Citation: Korbelik M, Banáth J, Zhang W, Wong F, Bielawski J, et al. (2014) Ceramide and Sphingosine-1-Phosphate/Sphingosine act as Photodynamic Therapy-Elicited Damage-Associated Molecular Patterns: Release from Cells and Impact on Tumor-Associated Macrophages. J Anal Bioanal Tech S1:009. doi: 10.4172/2155-9872.S1-009

Copyright: © 2014 Korbelik M, et al. This is an open-access article distributed under the terms of the Creative Commons Attribution License, which permits unrestricted use, distribution, and reproduction in any medium, provided the original author and source are credited.

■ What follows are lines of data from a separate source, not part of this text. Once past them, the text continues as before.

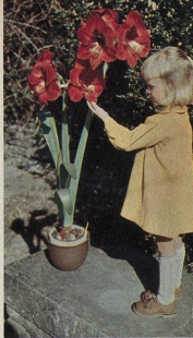
745 Ritterstern (Amaryllis)

Stück 6,— DM (rot, rosa, lachs, orange, weiß und gestreift lieferbar).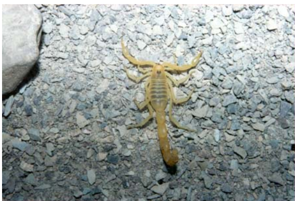
شکل ۲ عقرب ماده Buthacus leptochelys

این عقربها از خانواده Buthidae Simon, 1890 و دو جنس Buthotus Vachon, 1949 ( Hottentotta Birula, 1908) و Buthacus Birula, 1908 و بترتیب در دو گونه Buthotus jayakari (Simon, 1880) و Buthacus Leptochelys (Hemprich & Ehrenberg, 1829) تشخیص و تعیین هویت شدند. (نمونه هایی از گونه های مزبور در کلکسیون گروه حشره شناسی پزشکی دانشکده علوم پزشکی دانشگاه تربیت مدرس و موزه حشره شناسی دانشکده بهداشت و انستیتو تحقیقات بهداشتی دانشگاه علوم پزشکی تهران نگهداری می شود).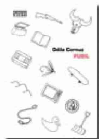
«Fusil» Odile Cornuz, Editions d'en bas, 160 pages

«Fusil» raconte une histoire d'amour dont on sait dès le départ qu'elle fut un échec. Scène après scène, une femme dévide le fil de son histoire avec un homme dont elle ne veut plus dans sa vie, une histoire qui s'est terminée quinze ans auparavant. Elle se souvient, parce qu'il a appelé: il veut récupérer sa carabine. Depuis le jour où elle a accepté sa demande en mariage, surprise au bord d'un étang où son enfant voulait attraper des têtards, jusqu'à la scène finale, où la haine se mue en violence, et le pardon n'est plus possible. En passant par l'érotisme du début, mais aussi sa jalousie à lui quand elle suit une formation. Un livre construit en une suite de chapitres autour d'un objet ou d'un lieu, un bocal, un terrain vague, dans des phrases complexes et délicates, qui n'occulent pas la rage d'avoir été mise en cage, la détermination de ne pas s'y laisser reprendre.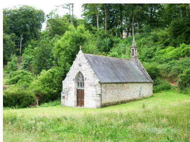
Bohars, chapelle de Loguillo : vue générale nord-est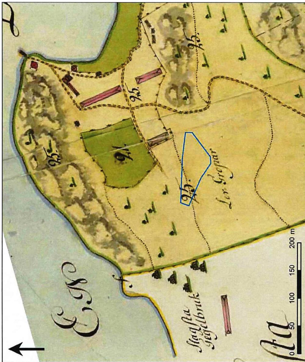
Figur 5. Utsnitt ur storskiffeskartan från 1780 över Fittja (akt A9-6:1). Den blå linjen visar läget för undersökningsområdet. Skala 1:5 000.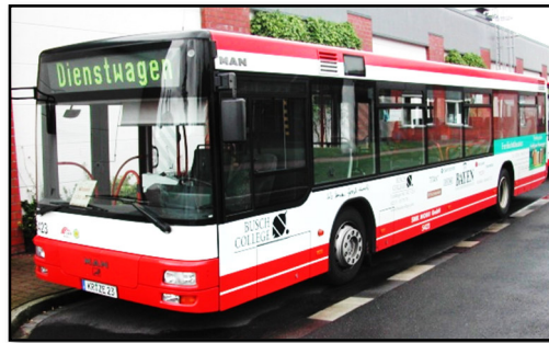
Omnibus 5423 III, Betriebshof Weeserweg, 2006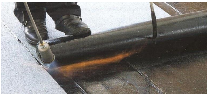
Natavování s navíječem rolí rozbalovačem rolí

A recent finding showed that ceramide and sphingosine-1-phosphate (S1P) become exposed on the surface of cells treated by photodynamic therapy (PDT) and acquire the capacity to act as danger-associated molecular patterns (DAMPs). To explore this further, the present study examined whether ceramide and S1P can be released from PDTtreated cells and investigated changes in the levels of these sphingolipids in tumor-associated macrophages (TAMs) left in contact with PDT-treated tumor cells. Massspectroscopy-based analysis detected increased levels of C16- ceramide and dihydroC16-ceramide in media supernatants from SCCVII cells collected three hours after they were treated by PDT, compared to untreated cell supernatants. While no release of S1P was detected, elevated levels of its precursor sphingosine were found in the supernatants of PDT-treated cells. The co-incubation of TAMs-containing primary cultures derived from mouse SCCVII tumors with PDT-treated SCCVII cells was followed by ceramide and S1P analysis in these cells based on staining with specific antibodies and flow cytometry. Levels of both ceramide and S1P as well as inflammasome protein NLRP3 were found to rise in TAMs when they were co-cultured with PDT-treated SCCVII cells, while no significant change was seen with cancer cells. Such changes were induced also in TAMs incubated with supernatants from PDT-treated cells. The findings of the present study affirm the potential of sphingolipids including ceramide, S1P, and sphingosine to act, either exposed on cell surface or released in the microenvironment, as DAMPs in the response of tumors to PDT.